Of 900 persons with severe AS at high surgical risk evaluated for TAVI, 595 (66.1%) were treated medically [14]. In the medical arm, 345 patients had balloon aortic valvuloplasty. AVR treated persons included 146 persons (16.2%), and TAVI treated persons included 159 persons (17.6%). Persons in the medical group were followed for a median of 206 days and had an incidence of death of 46.6% (onethird noncardiac). The patients in the AVR group were followed for a median of 628 days and had an incidence of death of 26.7% (onehalf noncardiac). The patients in the TAVI group were followed for a median of 399 days and had an incidence of death of 30.8% (two-thirds noncardiac) [14].

Of 353 patients who underwent transfemoral TAVI, 48 (13.6%) had a permanent pacemaker before TAVI, 98 (27.8%) had a permanent pacemaker after TAVI, and 58.6% had no permanent pacemaker after TAVI [15]. At 1-year follow-up, the incidence of death was similar in all 3 groups [15]. In 88 patients, mean age 83 years, alive 30 days after TAVI, the median survival time after TAVI was 3.4 years [16]. In 131 women and 129 men, both with a mean age of 83 years, who had TAVI, female gender had better baseline clinical characteristics and better survival at 1 year (76% versus 65%) [17].
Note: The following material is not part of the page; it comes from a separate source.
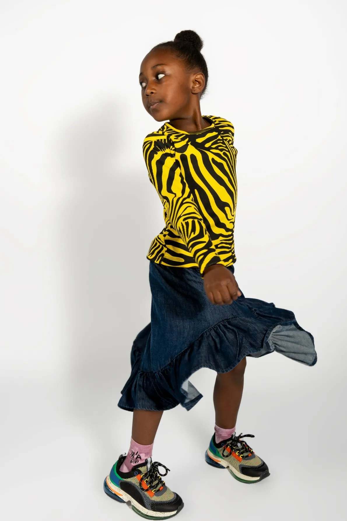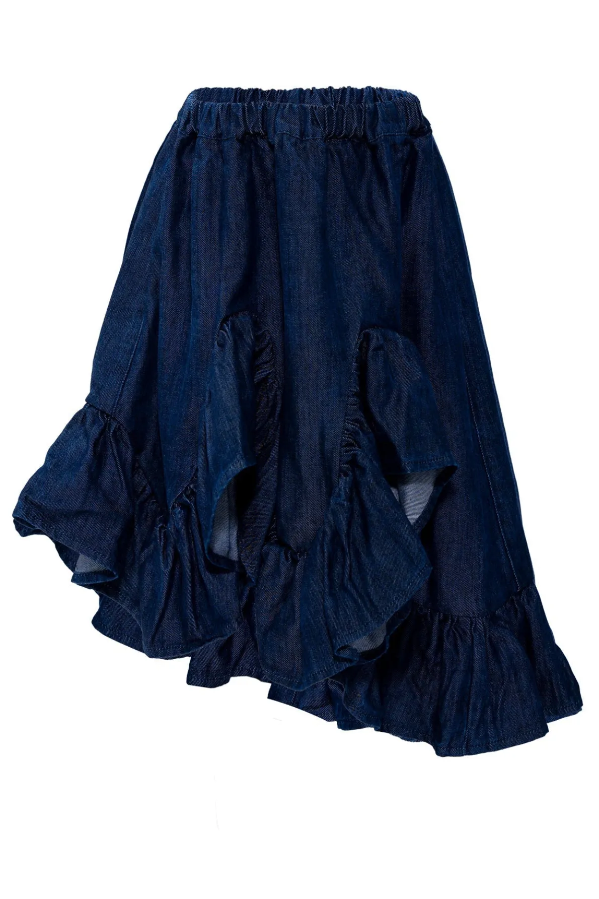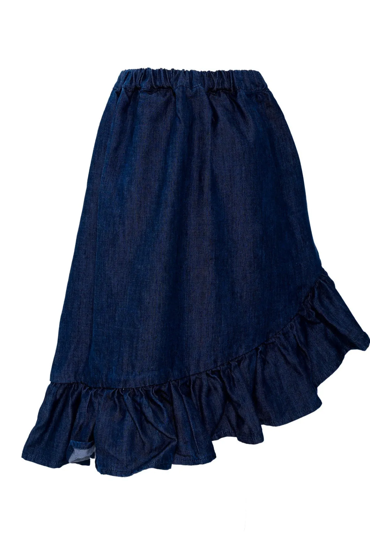 Tencel midi skirt sports an asymmetrical ruffled hemline and elastic waist – ready for your kid's fun fashion adventures!• Mid-length• Asymmetric • Ruffled hem• Elastic waist

In the United States, the Society of Thoracic Surgeons (STS)/ American College of Cardiology Transcatheter Valve Therapy Registry showed that 7,710 patients underwent TAVR (20% who were inoperable and 80% who were high-risk but operable) [18]. The median age was 84 years, 49% were women, and the median STS predicted risk of death was 7%. A transfemoral approach was performed in 64% of persons, a transapical approach in 29% of patients, and other alternative approaches in 7% of patients. In-hospital mortality was 5.5% and major vascular injury was 6.4%. At 30-days’ follow-up, the incidence of mortality was 7.6% (52% due to a noncardiovascular cause), of stroke was 2.8%, of dialysis-dependent renal failure was 2.8%, and of reintervention was 0.5% [18].

After TAVI, treatment with clopidogrel for 3 months in addition to aspirin is widely practiced. However, a small study of 161 patients randomized to clopidogrel for 3 months (a loading dose of 300 mg on the day prior to TAVI followed by 75 mg daily) plus aspirin 100 mg daily or aspirin 100 mg daily alone showed no significant difference in major adverse cardiac and cerebrovascular events at 30 days and at 6 months [19]. Their data need confirmation by a larger randomized study.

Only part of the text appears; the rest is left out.